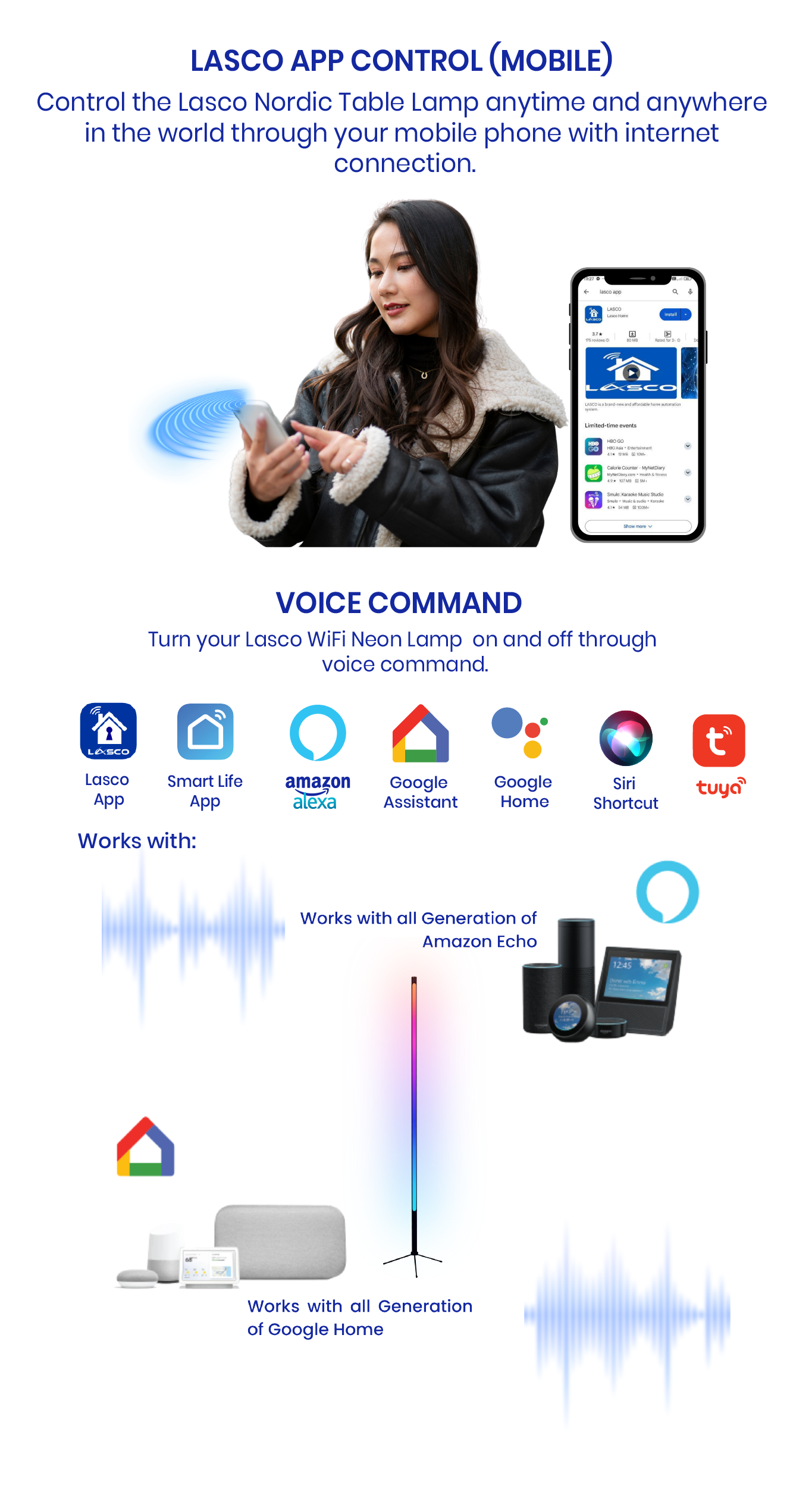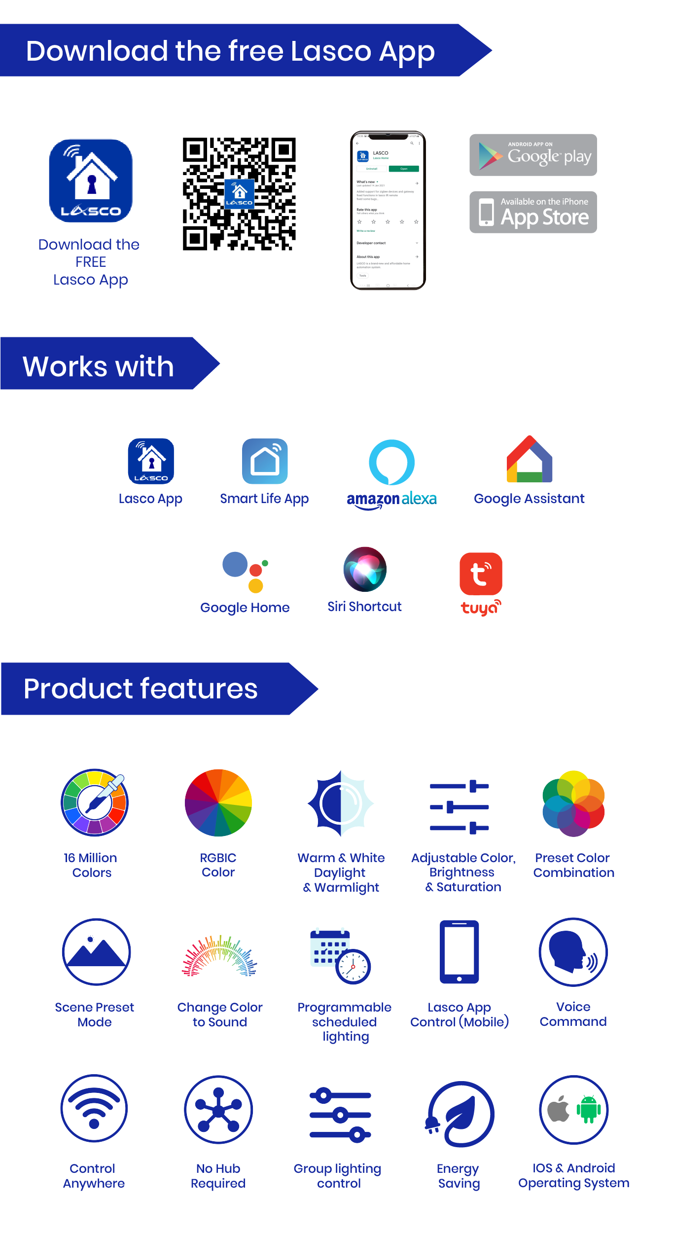 - Works with Lasco App, Amazon Alexa, Google Home, Google Assistant, Tuya, and Siri Shortcut.
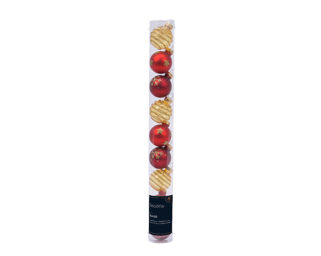 Deck your halls with the captivating beauty of the Decoris Christmas Baubles! This delightful set features six glass ornaments, each measuring about 1.2 inches, combining a stunning palette of vibrant reds and luxurious golds. The assortment includes glossy red spheres adorned with glittering stars and snowflakes, along with eye-catching striped design baubles that add a chic touch to your holiday decor.
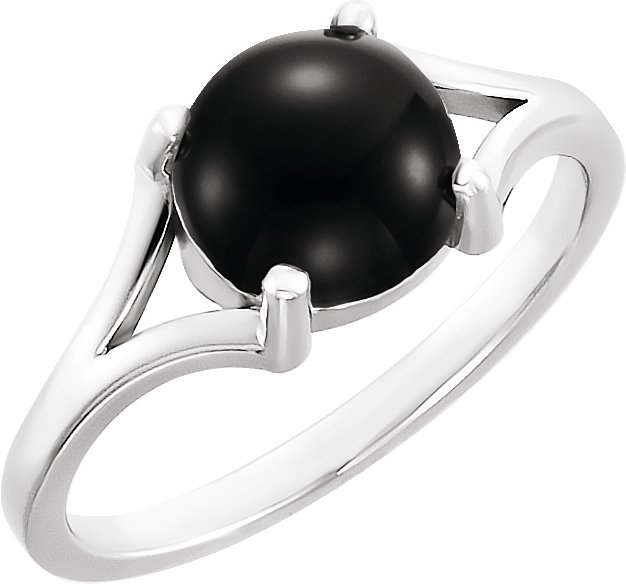 14K White 8 mm Round Onyx Cabochon Ring
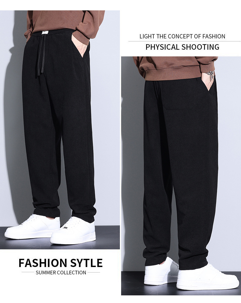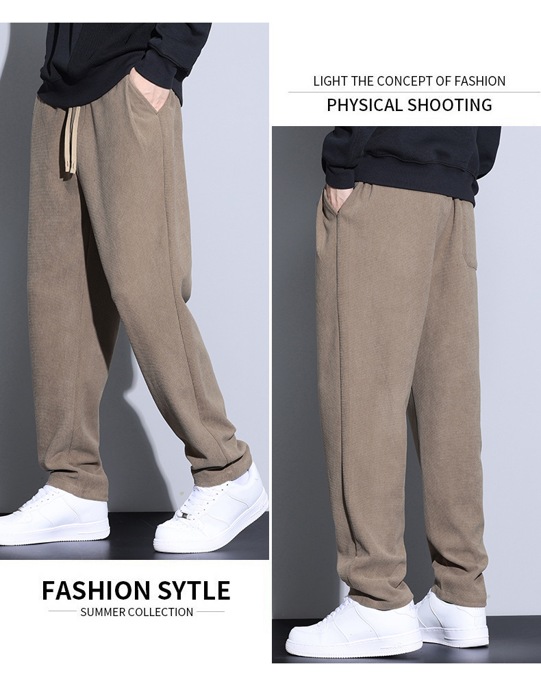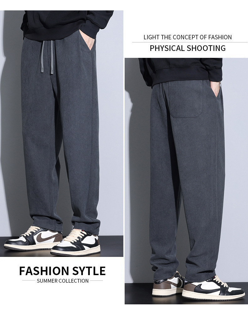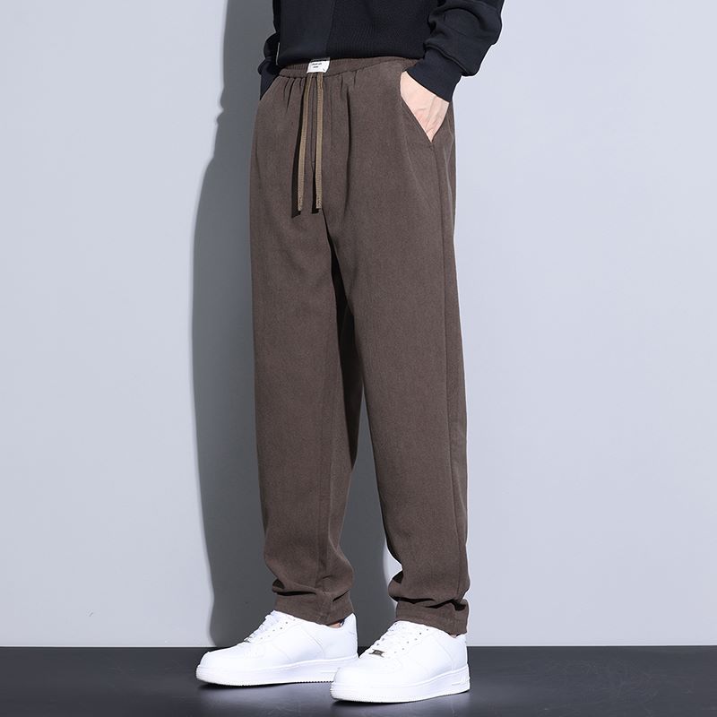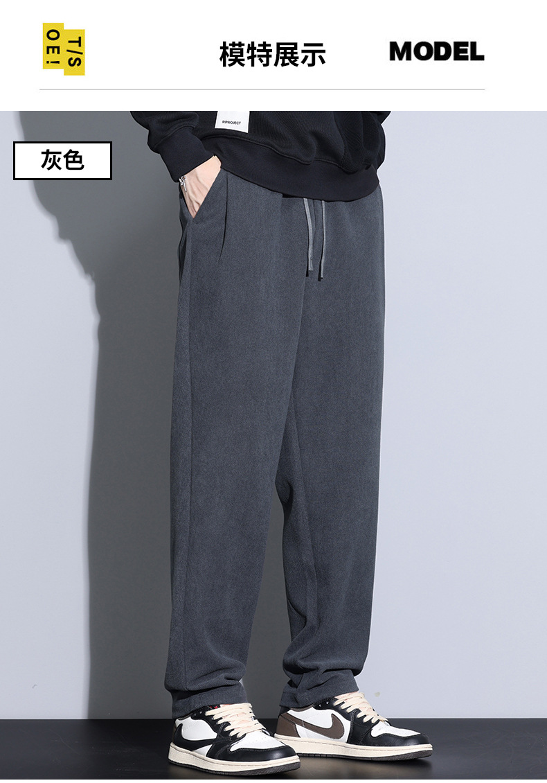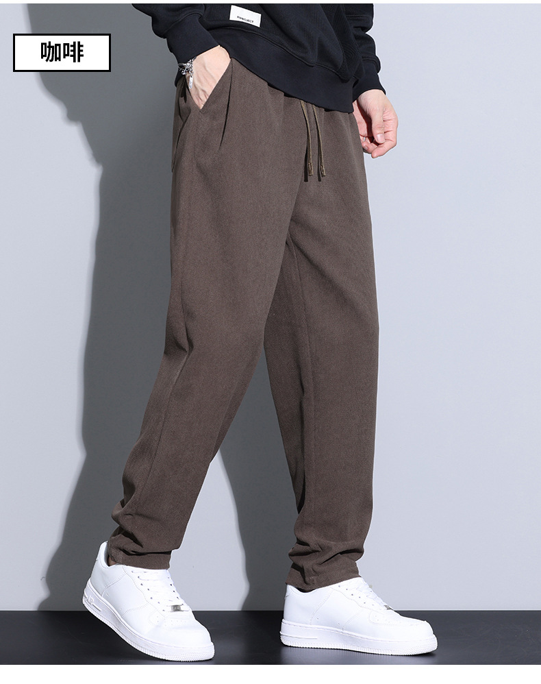 가을 신상 남성 캐주얼 팬츠 스트레이트 롱 팬츠 트렌디 패션 만능 스타일 신축성 루즈핏 기모 안감 두꺼운 바지
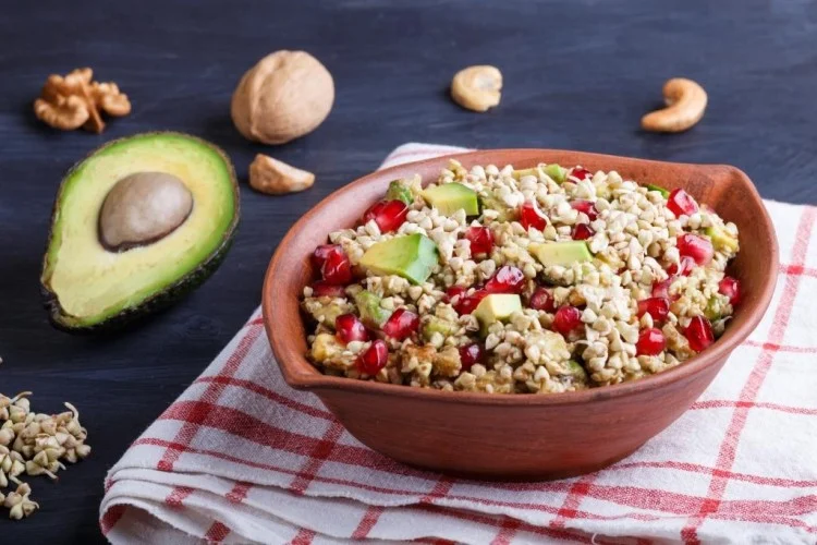 ابدأ بغسل الكينوا جيداً ونقعها لبضع دقائق قبل الطهي. اسخن الماء بمقدار كوبين في قدر حتى يصل إلى درجة الغليان، ثم أضف الكينوا واتركها تطهى حتى تمتص الماء بالكامل وتصبح طرية خلال نحو 15 دقيقة. بعد النضج، اترك الكينوا لتبرد قليلاً كي تكون جاهزة للخلط. استخدم كوباً واحداً من الكينوا المحضّرة كقاعدة للوصفة مع بقية المقادير.
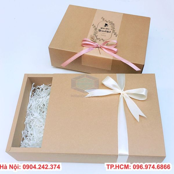 Hộp đựng quà tất vả mọi người thường được sử dụng trong rất nhiều dịp khác nhau. Thông thường chúng sẽ được sử dụng để đựng quà tặng vào những dịp lớn như sinh nhật, những ngày kỷ niệmvà một số ngày khác..... Công Ty chúng tôi đã cho thiết kế và sản xuất rất nhiều hộp đựng quà với mẫu mã và kích thước khác nhau nhằm đáp ứng được nhu cầu của thị trường. Nếu bạn muốn mua một hay nhiều sản phẩm hộp đựng quà thì hãy liên hệ với chúng tôi.
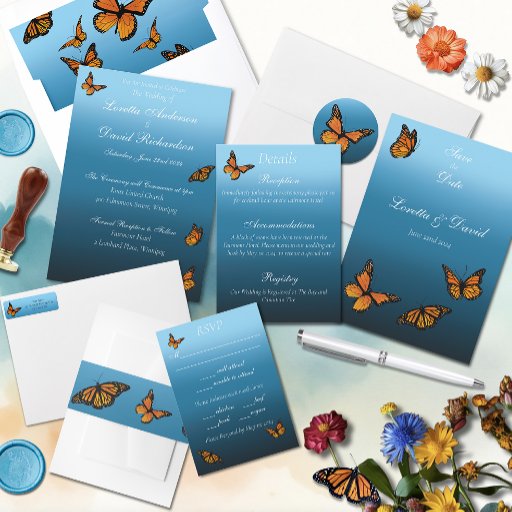 Elegant monarch butterflies in orange against a blue ombre background, creating a romantic and nature-inspired design. Perfect for outdoor, garden, or butterfly-themed weddings.
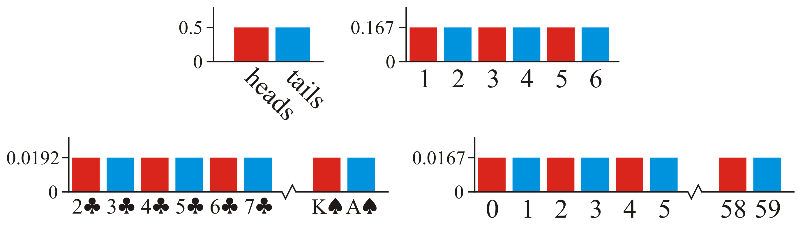 In each case, every event (the coin landing on heads, rolling a six, or choosing the jack of diamonds) has an equal chance, and because there are only a finite number of $n$ different possibilities, each event has a $\frac{1}{n}$ chance of appearing. You may have shown this using bar charts where the height of the bar is the probability of the event occuring:
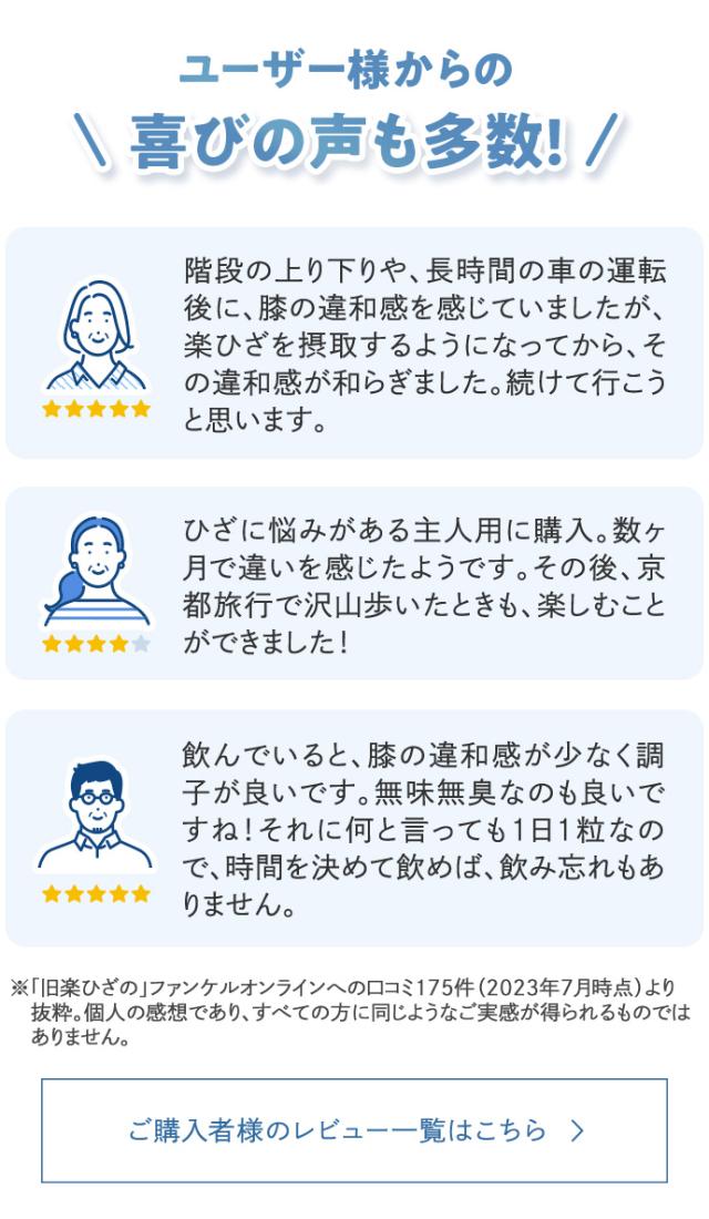※2024年7月16日までの口コミは届出番号C434「旧・楽ひざ」に関するものとなります。
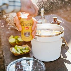 This durable beverage bucket is part of the treid-and-true Rambler Family. It's big enough (and strong enough) to haul a siz pack or three bottles of wine, and is over-engineered to keep beverages cold long in the the night. With the lid in place it also makes a great ice bucket for those who prefer their campfires cocktails on the rocks.
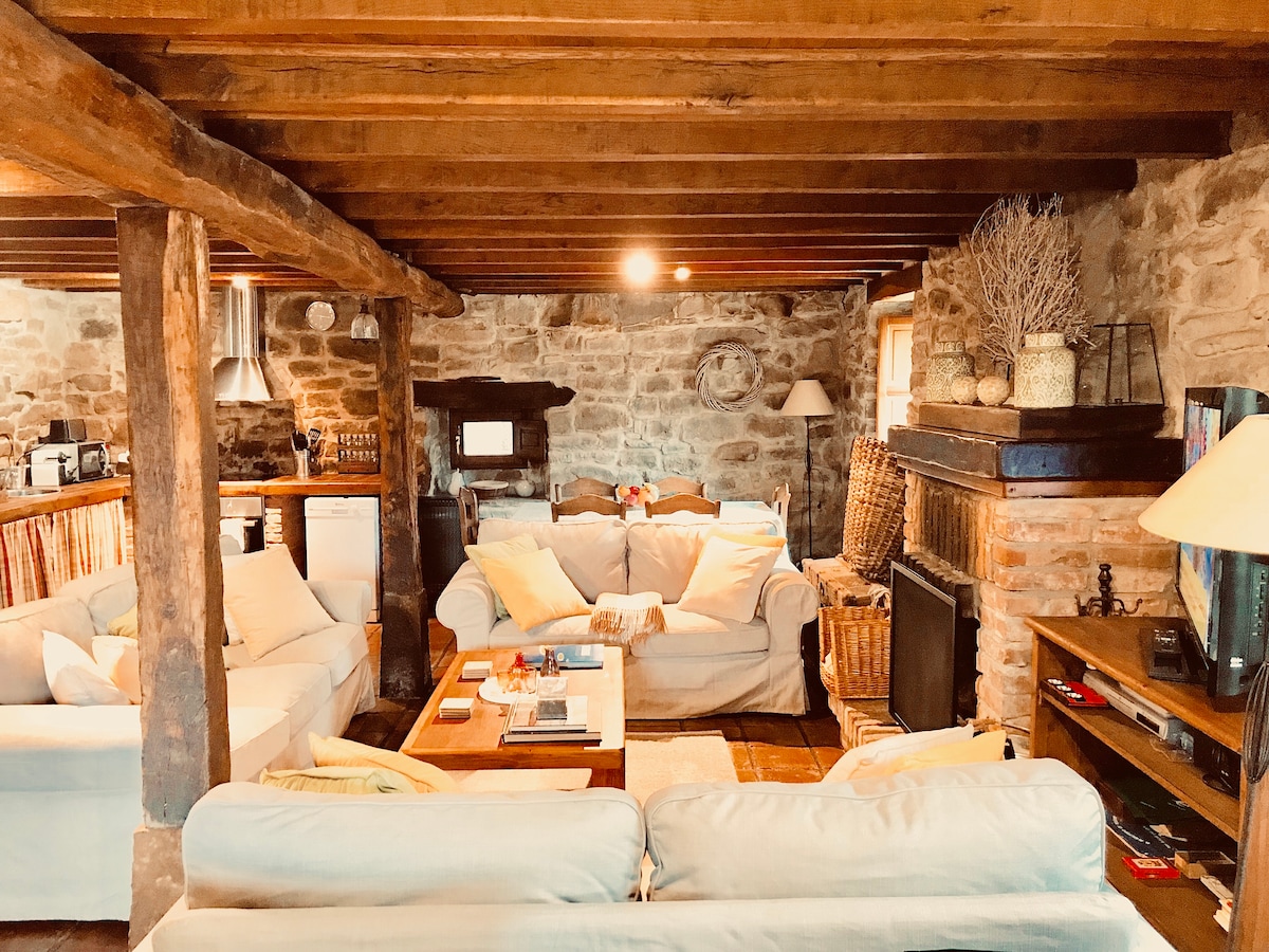 Rural Cottage made of Stone and slate roof, original from the area with unparalleled location and views, it has a private oak and chestnut´s forest with its own picnic table and an extensive farm to walk in an incomparable environment, 2 floors, 3 rooms one of them with sofa and tv, Barbecue - Outdoor fireplace, Water well, covered porch, Terrace - balcony, Viewpoint - stone terrace suspended on the hillside with stunning views of the valley and the mountains, as well as the whole house.

- Task requirements
Lines wanted from the entries above: the one with "Deck your halls", the one with "ابدأ بغسل الكينوا", and all lines between. Please copy them exactly, without the pictures and without anything else.

- Solved problem
 Deck your halls with the captivating beauty of the Decoris Christmas Baubles! This delightful set features six glass ornaments, each measuring about 1.2 inches, combining a stunning palette of vibrant reds and luxurious golds. The assortment includes glossy red spheres adorned with glittering stars and snowflakes, along with eye-catching striped design baubles that add a chic touch to your holiday decor.
 14K White 8 mm Round Onyx Cabochon Ring
 가을 신상 남성 캐주얼 팬츠 스트레이트 롱 팬츠 트렌디 패션 만능 스타일 신축성 루즈핏 기모 안감 두꺼운 바지
 ابدأ بغسل الكينوا جيداً ونقعها لبضع دقائق قبل الطهي. اسخن الماء بمقدار كوبين في قدر حتى يصل إلى درجة الغليان، ثم أضف الكينوا واتركها تطهى حتى تمتص الماء بالكامل وتصبح طرية خلال نحو 15 دقيقة. بعد النضج، اترك الكينوا لتبرد قليلاً كي تكون جاهزة للخلط. استخدم كوباً واحداً من الكينوا المحضّرة كقاعدة للوصفة مع بقية المقادير.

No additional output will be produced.